[m-dev.] question about 32 bit machines

Discussion:

Zoltan Somogyi

2018-03-12 18:49:02 UTC

At the moment, an argument in a memory cell representing a term
will occupy two words in exactly one case:

- a 32 bit machine
- with 64 bit floats (i.e. floats are not single precision)
- in a non-pregen grade
- and a function symbol argument whose type is explicitly given as float.

On 32 bit machines,

- we box all 64 bit entities (both floats and int64/uint64s) *everywhere*
in pregen grades;
- we box all 64 bit entities *everywhere* where the statically known type
is a type variable; and
- we box all int64s and uint64s everywhere regardless of anything else.

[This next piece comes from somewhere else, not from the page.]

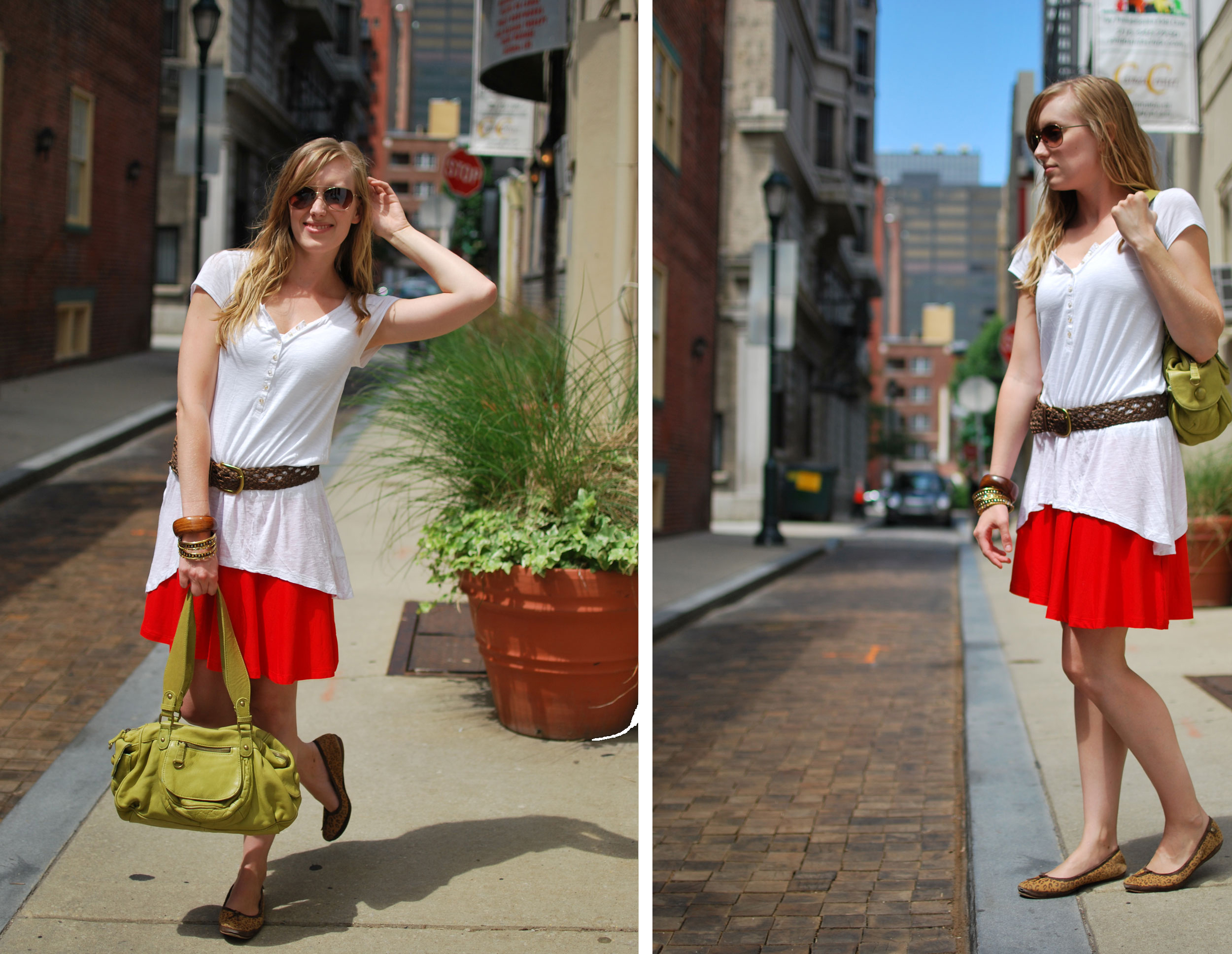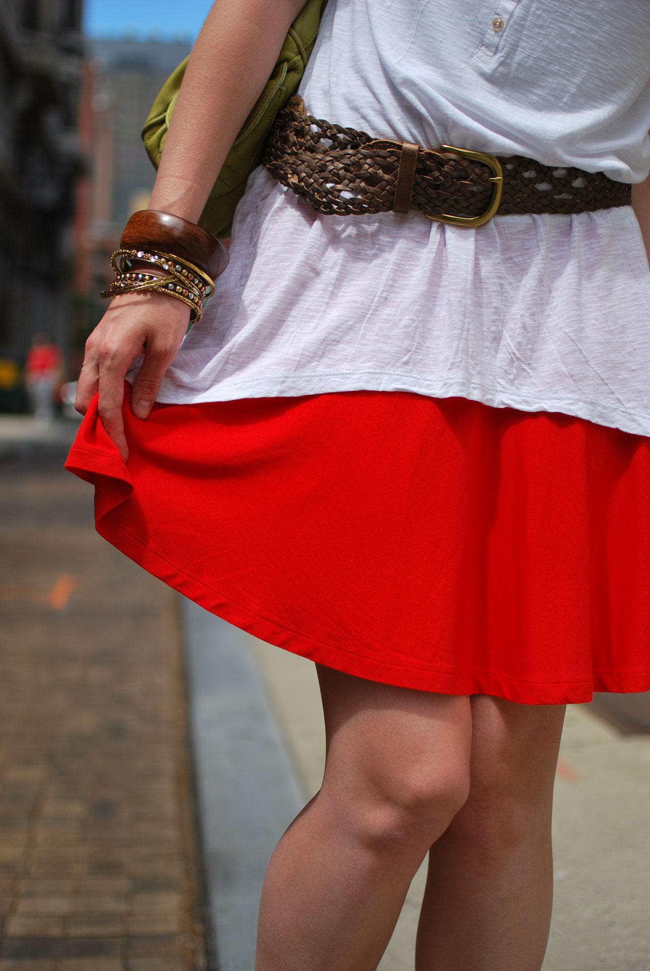 Ahhh Monday. A day to catch up from weekend activities. I spent the weekend in the suburbs with Brian and my parents. Took in some nature, had some tasty bbq, and of course we watched the Dutch play in the world cup. (Hi, Im Dutch) In all this heat I have been turning to lots of loose layers. I have worn and reworn this shirt from h&m a million times by now. I love the uneven cut and how it flows. This time, I added a flowy skirt underneath and added a woven belt. Actually my whole outfit is h&m and I didn’t realize it until I had it all on. Sometimes, it just happens that way! I hope everyones weekend were divine. LET’S ROCK THIS WEEK!

The only exception from boxing is the one given above.

The different treatment of int64/uint64s from floats is just because
we haven't implemented their unpacked representation yet. However, I have
a question: should we have unpacked 64 bit arguments on 32 bit systems at all?
Given the relative rarity of 32 bit systems *and* the relative rarity of code
that not only uses floats, int64s or uint64s but also spends a significant fraction
of its runtime on operations on them, I am wondering whether a policy of
"always box 64 bit primitive values into 32 bit words on 32 bit systems when
putting them into a structure" would be good enough. It would certainly
simplify the relevant parts of the compiler.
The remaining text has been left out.